_TASK:_ Repeat only the lines below that run from the line with "Продаётся 2-комн.квартира площадью" to the line with "10月7日,旅客在河南洛阳龙门站乘车。新华社发", ends included; skip every picture.

===== EXTRACTED ENTRIES =====

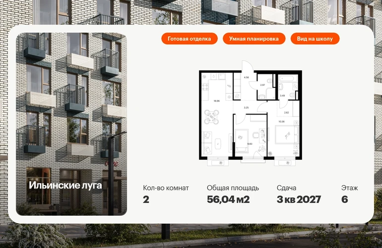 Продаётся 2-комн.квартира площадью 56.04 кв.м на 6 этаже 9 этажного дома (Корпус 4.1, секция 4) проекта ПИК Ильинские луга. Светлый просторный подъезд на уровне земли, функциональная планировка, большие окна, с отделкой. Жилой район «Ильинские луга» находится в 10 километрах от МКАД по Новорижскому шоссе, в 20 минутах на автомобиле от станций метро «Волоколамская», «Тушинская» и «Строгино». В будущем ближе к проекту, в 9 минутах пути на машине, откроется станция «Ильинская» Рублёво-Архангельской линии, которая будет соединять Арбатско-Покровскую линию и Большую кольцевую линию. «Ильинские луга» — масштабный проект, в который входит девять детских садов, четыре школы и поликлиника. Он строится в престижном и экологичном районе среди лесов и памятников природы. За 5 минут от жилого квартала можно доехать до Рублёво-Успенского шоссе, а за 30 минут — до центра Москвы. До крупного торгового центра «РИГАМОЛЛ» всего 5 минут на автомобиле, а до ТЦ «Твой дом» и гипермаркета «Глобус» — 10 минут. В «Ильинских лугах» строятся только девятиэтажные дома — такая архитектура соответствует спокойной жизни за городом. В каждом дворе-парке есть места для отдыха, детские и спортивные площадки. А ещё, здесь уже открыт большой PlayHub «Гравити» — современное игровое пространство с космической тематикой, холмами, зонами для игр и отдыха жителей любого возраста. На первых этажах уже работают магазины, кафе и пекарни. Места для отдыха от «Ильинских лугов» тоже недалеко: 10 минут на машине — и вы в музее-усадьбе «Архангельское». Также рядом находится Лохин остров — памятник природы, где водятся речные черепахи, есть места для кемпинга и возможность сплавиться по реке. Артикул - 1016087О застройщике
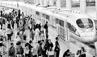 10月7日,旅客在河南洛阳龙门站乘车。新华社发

=====
===== EXTRACTED ENTRIES =====

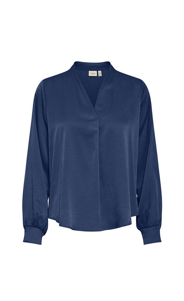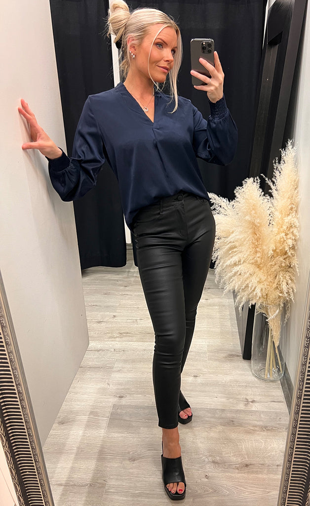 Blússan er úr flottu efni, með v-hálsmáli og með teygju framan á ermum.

=====
===== EXTRACTED ENTRIES =====

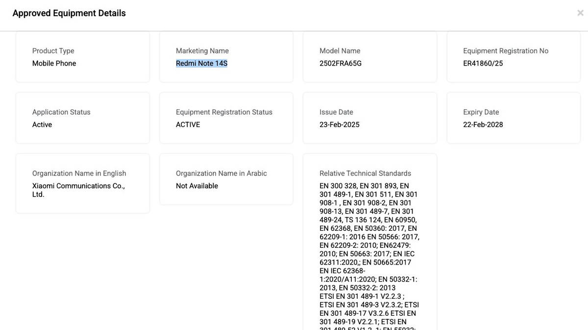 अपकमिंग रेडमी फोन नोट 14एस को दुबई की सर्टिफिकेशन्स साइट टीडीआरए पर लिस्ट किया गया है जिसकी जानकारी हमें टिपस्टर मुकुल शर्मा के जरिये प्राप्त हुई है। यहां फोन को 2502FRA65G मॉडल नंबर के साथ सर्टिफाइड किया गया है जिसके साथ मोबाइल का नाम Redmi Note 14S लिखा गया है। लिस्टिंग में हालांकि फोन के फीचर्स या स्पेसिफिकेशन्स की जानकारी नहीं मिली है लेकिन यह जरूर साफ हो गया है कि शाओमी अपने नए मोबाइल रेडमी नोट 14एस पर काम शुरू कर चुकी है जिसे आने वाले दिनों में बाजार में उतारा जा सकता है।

=====

_RESPONSE:_
 Продаётся 2-комн.квартира площадью 56.04 кв.м на 6 этаже 9 этажного дома (Корпус 4.1, секция 4) проекта ПИК Ильинские луга. Светлый просторный подъезд на уровне земли, функциональная планировка, большие окна, с отделкой. Жилой район «Ильинские луга» находится в 10 километрах от МКАД по Новорижскому шоссе, в 20 минутах на автомобиле от станций метро «Волоколамская», «Тушинская» и «Строгино». В будущем ближе к проекту, в 9 минутах пути на машине, откроется станция «Ильинская» Рублёво-Архангельской линии, которая будет соединять Арбатско-Покровскую линию и Большую кольцевую линию. «Ильинские луга» — масштабный проект, в который входит девять детских садов, четыре школы и поликлиника. Он строится в престижном и экологичном районе среди лесов и памятников природы. За 5 минут от жилого квартала можно доехать до Рублёво-Успенского шоссе, а за 30 минут — до центра Москвы. До крупного торгового центра «РИГАМОЛЛ» всего 5 минут на автомобиле, а до ТЦ «Твой дом» и гипермаркета «Глобус» — 10 минут. В «Ильинских лугах» строятся только девятиэтажные дома — такая архитектура соответствует спокойной жизни за городом. В каждом дворе-парке есть места для отдыха, детские и спортивные площадки. А ещё, здесь уже открыт большой PlayHub «Гравити» — современное игровое пространство с космической тематикой, холмами, зонами для игр и отдыха жителей любого возраста. На первых этажах уже работают магазины, кафе и пекарни. Места для отдыха от «Ильинских лугов» тоже недалеко: 10 минут на машине — и вы в музее-усадьбе «Архангельское». Также рядом находится Лохин остров — памятник природы, где водятся речные черепахи, есть места для кемпинга и возможность сплавиться по реке. Артикул - 1016087О застройщике
 10月7日,旅客在河南洛阳龙门站乘车。新华社发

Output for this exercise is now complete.